Saturday, December 17, 2005

A couple stories and an insight

A couple of articles to put together to come up with something interesting. Last month there was an article in the  Korea Times about Korean loses due to the illegal downloading of Korean movies. A study released by the Korean Film Council put loses in 2004 at 280 billion  won (about US$260 million). You can click to see the details of the study, but the disturbing element is the DVD market. The study put the DVD market in Korea at 100 billion won, and loses in the area at 28.5 billion. If you do the math you get the statistic that between 25-30% of DVD viewers (or more precise possible viewers) get a copy from the Internet. Add to this number to people who by fake DVD's and you get a pretty hefty segment of the market that see pirated wares over authentic. (The cynic in me notes that the statistics in this report are for Korean films only, one can only guess how foreign movies skew things).

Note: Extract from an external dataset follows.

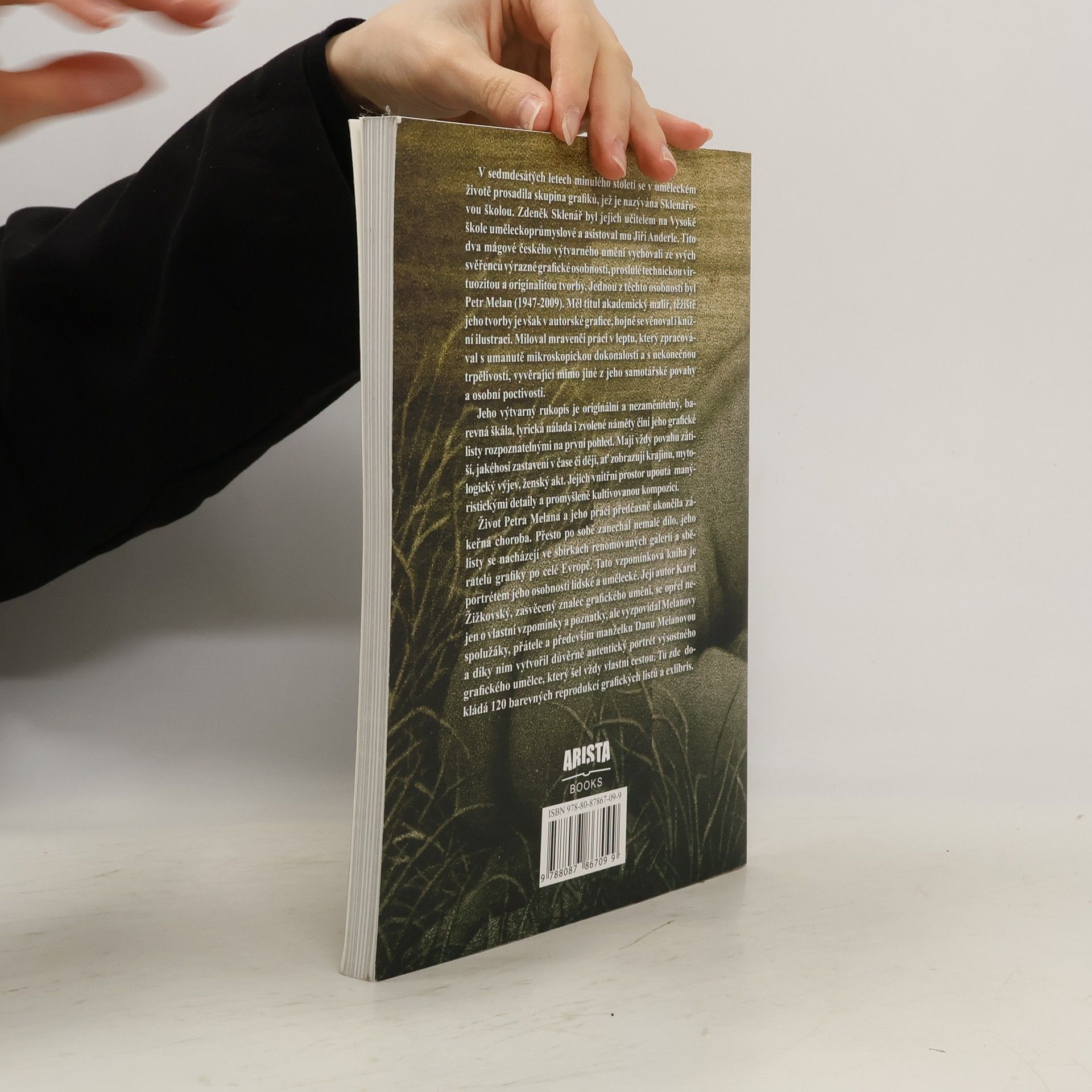 V sedmdesátých letech minulého století se v uměleckém životě prosadila skupina grafiků, nazývaná Sklenářovou školou, jejíž učitel Zdeněk Sklenář a asistent Jiří Anderle vychovali výrazné osobnosti českého výtvarného umění. Jednou z nich byl Petr Melan (1947-2009), akademický malíř, jehož hlavní zaměření spočívalo v autorské grafice a knižní ilustraci. Melan byl známý svou precizní prací v leptu, kterou prováděl s mikroskopickou dokonalostí a trpělivostí, odrážející jeho samotářskou povahu a osobní poctivost. Jeho výtvarný styl je originální a nezaměnitelný, přičemž barevná škála, lyrická nálada a zvolené náměty činí jeho grafické listy snadno rozpoznatelnými. Vždy mají charakter zátiší a zachycují okamžiky v čase, ať už zobrazují krajinu, mytologické výjevy či ženské akty. Vnitřní prostor jeho děl je obohacen manýristickými detaily a promyšlenou kompozicí. Petr Melan zemřel na zákeřnou chorobu, ale zanechal po sobě významné dílo, jehož listy jsou součástí sbírek renomovaných galerií a sběratelů po celé Evropě. Tato vzpomínková kniha, autorství Karla Žižkovského, vytváří autentický portrét Melana, opírající se o vzpomínky jeho přátel, spolužáků a manželky Dany Melanové, a obsahuje 120 barevných reprodukcí jeho grafických listů a exlibris.

Another little tidbit comes from a story about a Uri party lawmaker trying to trumpet a plan to crack down on illegal file swapping on line. The bill is essentially ho-hum (click if if you want), however I would like to use it to point out a greater problem in Korea. The proposal would make an ISP liable for not stopping users from swapping files. If they fail to do so, they can be fined up to 50 million won. Now lets do a little math. First let us assume the maximum penalty. For the sake of simplicity, lets take the only four ISP's of note in Korea (KT, Hanaro, Powercomm, and Dacom). If we were to assume that the losses from film downloads alone were spread equally, that means each ISP, under this bill, would be "responsible" for 70 billion in losses (Again I remind you that figure does not include foreign films or the larger category of online music which they would be responsible for as well). In any case the penalty to loss ratio is .001, I ask you does that really sound like a penalty? This is the modus operandi for most Korean fines, the time rarely fits the crime economically speaking.

2 Comments:

At December 20, 2005 8:34 PM, Anonymous Anonymous said...

That's not 50 million won per violation? It's not cumulative?

-Mark

 
At December 21, 2005 5:37 AM, Blogger Dram Man said...

Mark,

That was my first reaction. Re-reading the passage though lead me to conclude that its capped...

"The bill also says that the companies would be punished for up to 50 million won in penalty, if they don’t follow the government’s instruction."

Given the bill's content, I think it does not count each infringement but simply fining ISP's for allowing swapping. If you allow it your fined, regardless of how such is used.